Australie, puis Canada. Champion du Commonwealth du 200 mètres en 1974, à
Christchurch, en 1’56’’72, sous la bannière australienne, devant Bruce Roberston et Mike Wenden, il participe au relais quatre fois 200 mètres vainqueur (7’50’’13). En 1976, résident à Edmonton, il nage aux Jeux olympiques de Montréal sous les couleurs du Canada, et termine 8e du 400 mètres. Retourné en Australie, il enseigne la
natation à North Sydney.

BACKHAUS [Robin James]

Natation. (Lincoln, Nebraska, 12 février 1955-). États-Unis. Champion du monde du 200 mètres papillon, devant son compatriote Steven Gregg, en 1973 à Belgrade (où il fut aussi 2eme relayeur du 4 fois 200 mètres vainqueur, et 3e du 100 mètres papillon).
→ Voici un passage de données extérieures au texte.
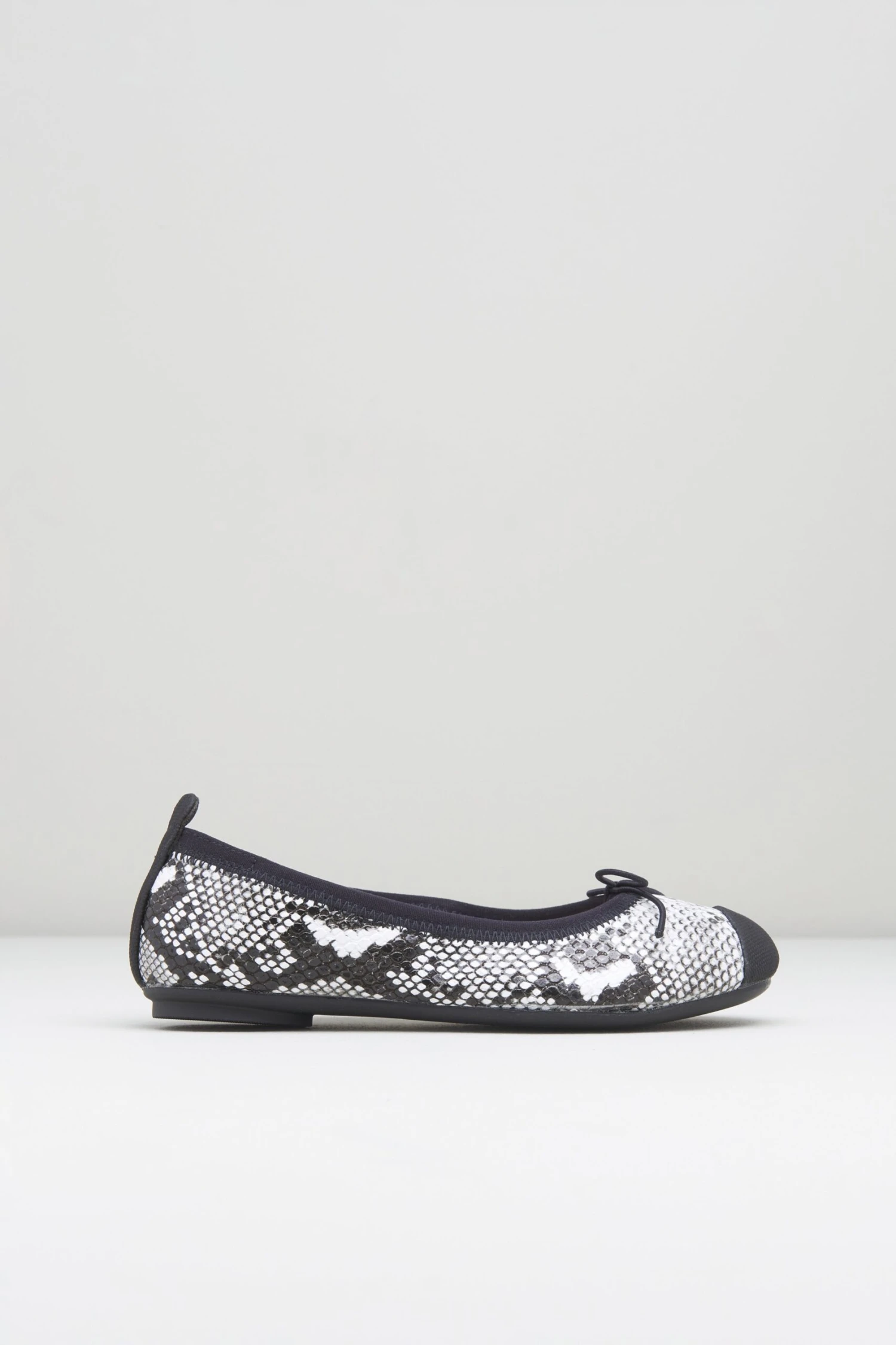 Our Girls Astra Ballet Flats feature a classic two tone design with a sleek and sophisticated python print with a semi-gloss finish. Crafted for all day comfort, our Ballet Flats are the perfect shoe for on the go with its cushioned teardrop heel and elasticated drawstring allowing for a customisable fit.

Auparavant, il avait été 3e du 200 mètres papillon aux Jeux de Munich en 1972, derrière Mark Spitz et Gary Hall. Il remporta aux USA trois titres nationaux (100m papillon, 56’’81, et 200 yards papillon, 1’49’’55, en 1973, 200 yards papillon, 1’47’’27, en 1975) et deux titres universitaires (NCAA), alors qu’il nageait pour Don Gambril, en Alabama. Il avait débuté dans les groupes d’âge aux Texas et au club Riverside, en Californie. Il enseigna plus tard la natation à l’école secondaire de Konawaena (Hawaii) pendant quatre ans, puis au département de l’éducation de l’État d’Hawaii pendant vingt ans.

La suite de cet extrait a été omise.